Diverse Contributions Beyond Job Descriptions

00:12:44
Speaker
a good fit. Right. That's awesome. Good for you guys. So on that note real quick, it's funny. Like for you, Julie is your, I'm using air quotes here, she's your video editor and Fraser is my video editor. Yeah, right.
00:13:00
Speaker
Fraser spends probably 4% of his month editing videos. That's funny. I don't know how much Julie does, but it sounds like she's doing a lot more than just that.
00:13:12
Speaker
It's a lot more time than that. I don't pay attention to it. I'm pretty sure it is.
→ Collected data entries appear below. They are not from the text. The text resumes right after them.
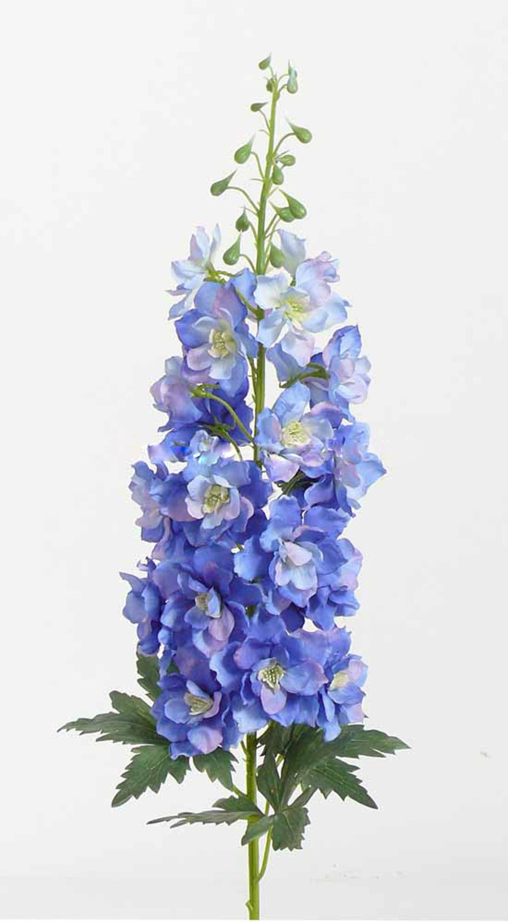 La flor de plástico Delphinium RIKKE en color de la flor azul-blanco tiene una longitud total de unos 95 cm. La flor de seda tiene un aspecto muy imponente y es muy adecuada para los jarrones de suelo.
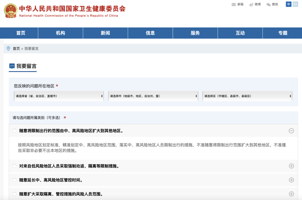 國家衛(wèi)生健康委疫情防控“九不準”公眾留言板留言界面截圖
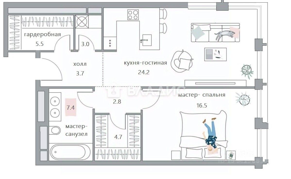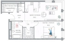 По планировке: светлая кухня-гостиная с дополнительным угловым остеклением 24,2 кв.м., мастер-спальня 16,5 кв.м. c гардеробной и санузлом с ванной и премиальной сантехникой Villeroy & Boch
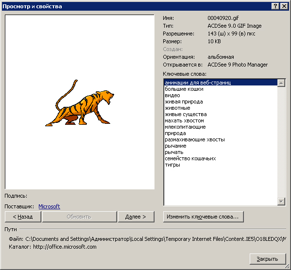 Перед добавлением клипа в презентацию его можно предварительно просмотреть. В области задач Клип в поле Результаты, в котором перечислены доступные клипы, наведите указатель мыши на эскиз клипа, щелкните отобразившуюся стрелку и выберите Просмотр и свойства (рис. 7.4).
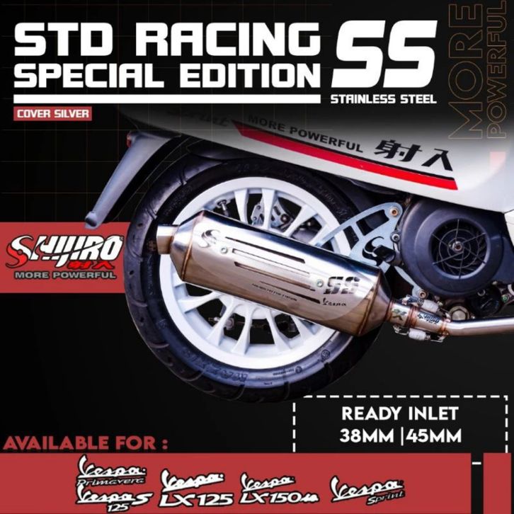 SHIJIRO Knalpot Std Standar Racing SS Vespa Sprint Primavera GTS LX S LXV 2V 3V 4V Iget
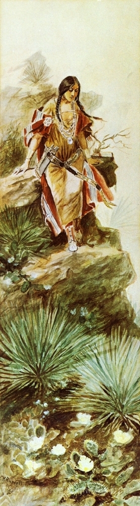 Ti offriamo una riproduzione artigianale su tela dell'opera famosa 'Keeoma' di Charles M. Russell, dal Museo delle Riproduzioni.
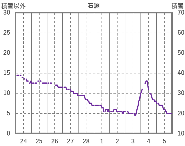 | 日 | 時 | 気温 | 降水 | 風向/風速 | 日照 | 積雪 | 降雪 |
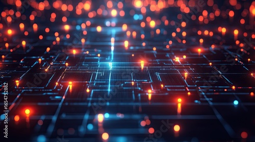 Digital Environment with Glowing Locks and Network Grid
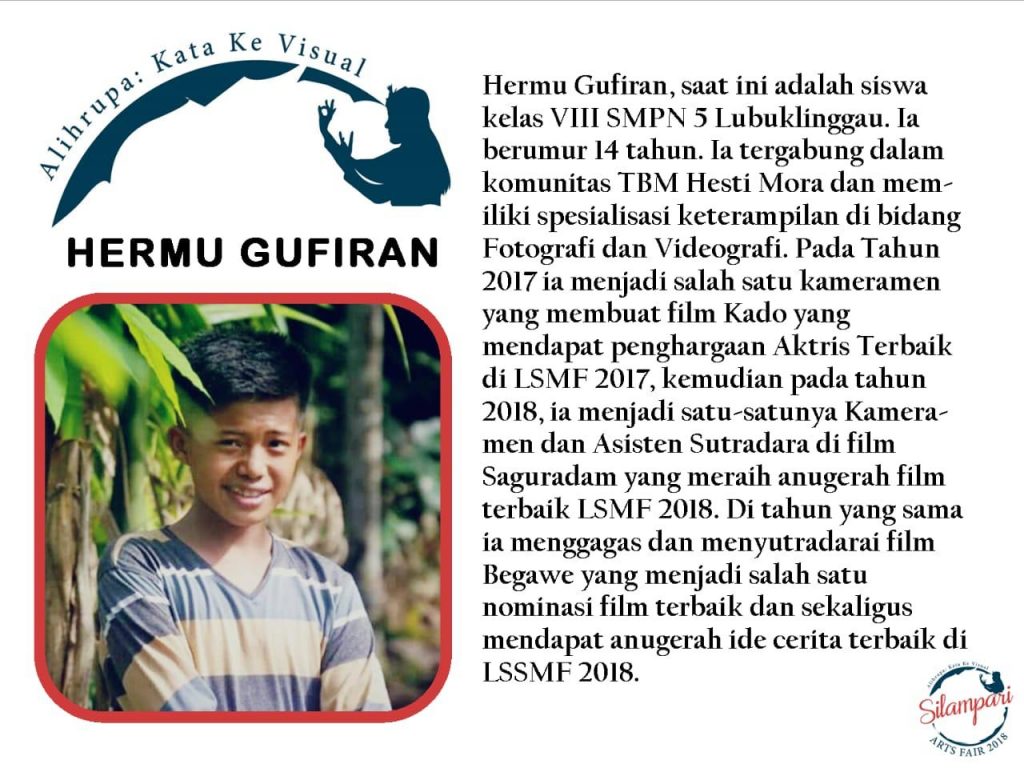 Silampari Arts Fair (SAF) 2018 ialah suatu perhelatan seni akbar yang diadakan bennyinstitute dan Dewan Kesenian Kota Lubuklinggau (DKLG) dengan dukungan Kementerian Pendidikan dan Kebudayaan (Kemdikbud). Pada tahun ini SAF mengambil tema “Alihrupa : Kata ke Visual.” Tema itu diterjemahkan dengan baik oleh para kreator terpilih, tak terkecuali keempat film yang tayang di m malam terakhir itu.

You're actually posting videos and we're not.

Adaptability in Managing Workplace Challenges

00:13:20
Speaker
It's a great point, which is that I've always viewed YouTube as something I enjoy, a way to pay it forward, a way to share, but it's never been our thing. I don't want to ever be an influencer for the sake of being an influencer or BS or sponsorship like that.
00:13:36
Speaker
It's become the case that we continue to do videos partly to, if I'm being honest, to kind of appease the YouTube algorithm of continuing to post regularly. But look, Julie's value in her role is more so what she's doing on the operations and stuff side. Yeah. It's funny to think about because
00:14:00
Speaker
It's just so easy to put labels on people. Even within our company, some of the guys think that Fraser is the video editor and why are we making videos? He must not be doing anything. Meanwhile, I'm shoving so much work on his plate, operations admin, things like that, that he's busy. He's very busy. It's cool.
00:14:22
Speaker
So my dumpster fire of a morning, which I'm sharing both because that's a way of laughing about it now, a day later, but also because I've never enjoyed, as I've said before, I've never enjoyed the folks that just say everything's always great. We had an HR issue yesterday morning, which was not insignificant.
00:14:41
Speaker
I showed up to work early because of that aforementioned topic, as well as I wanted to get a head start on a couple things. And I was going to be in my second day of full day Okuma training on the horizontal, which is going great.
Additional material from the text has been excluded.